Provided records
☆ ☆ ☆ ☆ ☆ ☆ ☆
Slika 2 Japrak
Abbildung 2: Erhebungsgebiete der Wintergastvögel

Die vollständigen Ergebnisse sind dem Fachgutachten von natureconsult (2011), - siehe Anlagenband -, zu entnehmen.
☆ ☆ ☆ ☆ ☆ ☆ ☆
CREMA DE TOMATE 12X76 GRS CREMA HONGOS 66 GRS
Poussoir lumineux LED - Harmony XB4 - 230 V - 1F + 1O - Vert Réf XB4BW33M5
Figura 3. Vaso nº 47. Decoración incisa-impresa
☆ ☆ ☆ ☆ ☆ ☆ ☆
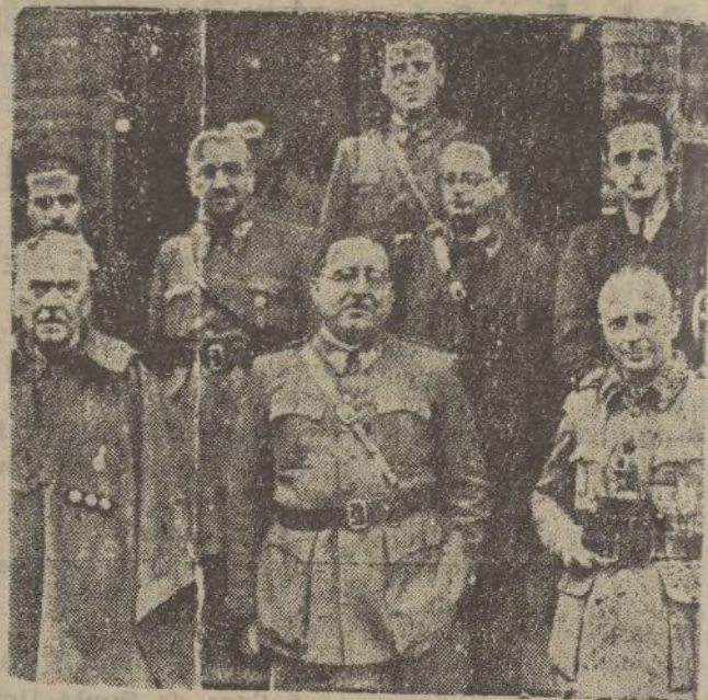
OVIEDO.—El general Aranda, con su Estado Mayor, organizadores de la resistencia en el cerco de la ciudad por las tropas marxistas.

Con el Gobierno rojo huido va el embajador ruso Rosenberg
☆ ☆ ☆ ☆ ☆ ☆ ☆
Task goal
Precisely the lines between those holding "Poussoir lumineux LED" and "Figura 3. Vaso", inclusive, are to be reproduced from the listing above, with nothing added.

Task result
Poussoir lumineux LED - Harmony XB4 - 230 V - 1F + 1O - Vert Réf XB4BW33M5
Figura 3. Vaso nº 47. Decoración incisa-impresa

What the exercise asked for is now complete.